Nickels Kevin, Nguyen Hoa, Frasch Duncan, Davison Timothy
Department of Engineering Science, Trinity University, One Trinity Place, San Antonio, TX 78212-7200, USA.
Department of Mathematics, Trinity University, One Trinity Place, San Antonio, TX 78212-7200, USA.

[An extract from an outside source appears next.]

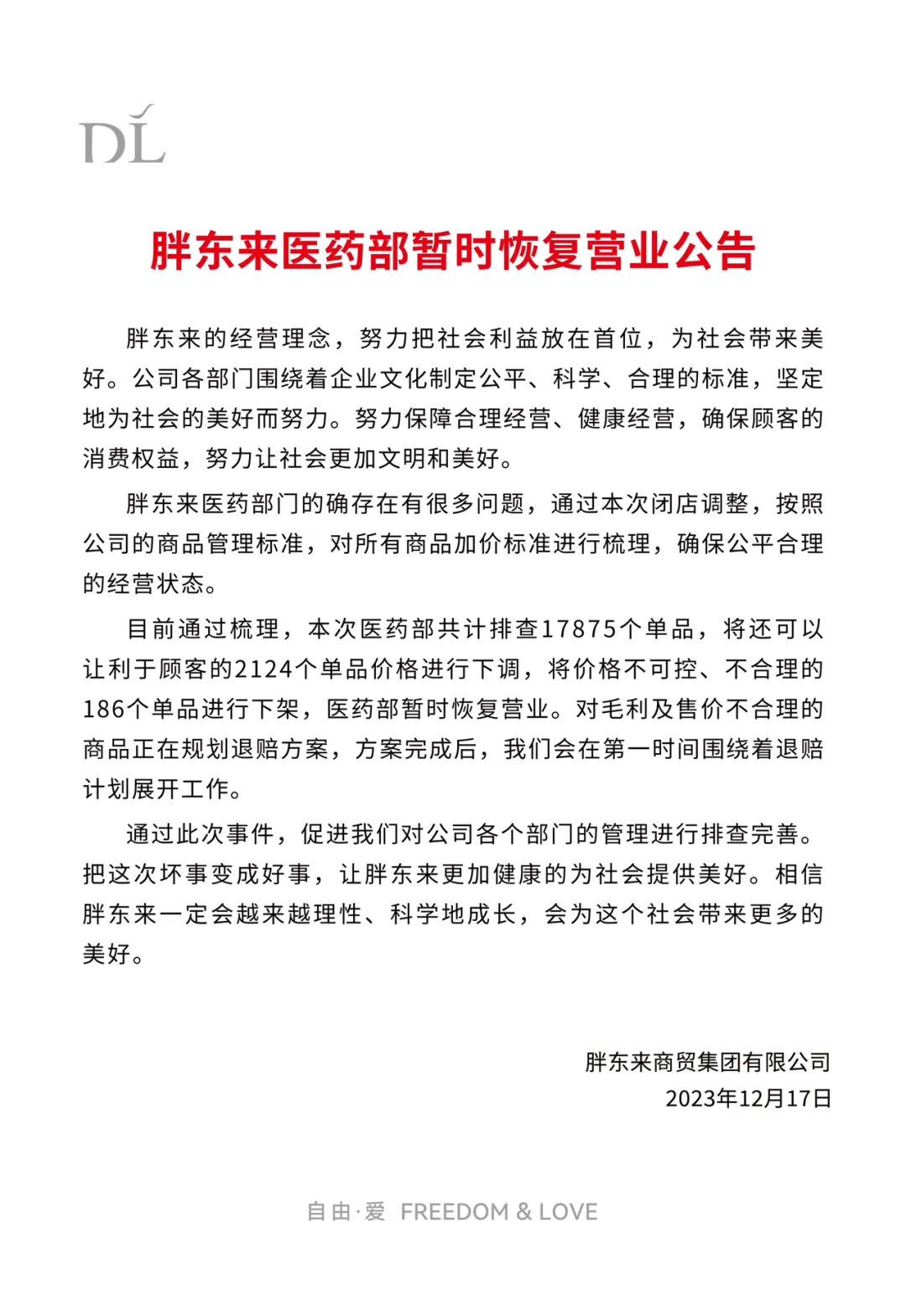 目前通過梳理,本次醫(yī)藥部共計(jì)排查17875個(gè)單品,將還可以讓利于顧客的2124個(gè)單品價(jià)格進(jìn)行下調(diào),將價(jià)格不可控、不合理的186個(gè)單品進(jìn)行下架,醫(yī)藥部暫時(shí)恢復(fù)營(yíng)業(yè)。對(duì)毛利及售價(jià)不合理的商品正在規(guī)劃退賠方案,方案完成后,我們會(huì)在第一時(shí)間圍繞著退賠計(jì)劃展開工作。

Biomimetics (Basel). 2019 Oct 12;4(4):69. doi: 10.3390/biomimetics4040069.
Mobile robots that can effectively detect chemical effluents could be useful in a variety of situations, such as disaster relief or drug sniffing. Such a robot might mimic biological systems that exhibit chemotaxis, which is movement towards or away from a chemical stimulant in the environment. Some existing robotic exploration algorithms that mimic chemotaxis suffer from the problems of getting stuck in local maxima and becoming "lost", or unable to find the chemical if there is no initial detection. We introduce the use of the RapidCell algorithm for mobile robots exploring regions with potentially detectable chemical concentrations. The RapidCell algorithm mimics the biology behind the biased random walk of () bacteria more closely than traditional chemotaxis algorithms by simulating the chemical signaling pathways interior to the cell. For comparison, we implemented a classical chemotaxis controller and a controller based on RapidCell, then tested them in a variety of simulated and real environments (using phototaxis as a surrogate for chemotaxis). We also added simple obstacle avoidance behavior to explore how it affects the success of the algorithms. Both simulations and experiments showed that the RapidCell controller more fully explored the entire region of detectable chemical when compared with the classical controller. If there is no detectable chemical present, the RapidCell controller performs random walk in a much wider range, hence increasing the chance of encountering the chemical. We also simulated an environment with triple effluent to show that the RapidCell controller avoided being captured by the first encountered peak, which is a common issue for the classical controller. Our study demonstrates that mimicking the adapting sensory system of chemotaxis can help mobile robots to efficiently explore the environment while retaining their sensitivity to the chemical gradient.
能够有效检测化学流出物的移动机器人在各种情况下都可能有用,比如救灾或毒品嗅探。这样的机器人可能会模仿表现出趋化性的生物系统,趋化性是指朝着或远离环境中的化学刺激物移动。一些现有的模仿趋化性的机器人探索算法存在陷入局部最大值和“迷失”的问题,也就是说,如果没有初始检测,就无法找到化学物质。我们介绍了将RapidCell算法用于移动机器人探索具有潜在可检测化学浓度的区域。RapidCell算法比传统趋化性算法更紧密地模仿了()细菌有偏随机游走背后的生物学原理,它通过模拟细胞内部的化学信号通路来实现。为了进行比较,我们实现了一个经典趋化性控制器和一个基于RapidCell的控制器,然后在各种模拟和真实环境中对它们进行测试(使用光趋性作为趋化性的替代)。我们还添加了简单的避障行为,以探究其如何影响算法的成功率。模拟和实验均表明,与经典控制器相比,RapidCell控制器能更全面地探索可检测化学物质的整个区域。如果不存在可检测的化学物质,RapidCell控制器会在更广泛的范围内进行随机游走,从而增加遇到化学物质的机会。我们还模拟了一个有三重流出物的环境,以表明RapidCell控制器避免了被首次遇到的峰值捕获,而这是经典控制器常见的问题。我们的研究表明,模仿趋化性的适应性传感系统可以帮助移动机器人有效地探索环境,同时保持对化学梯度的敏感性。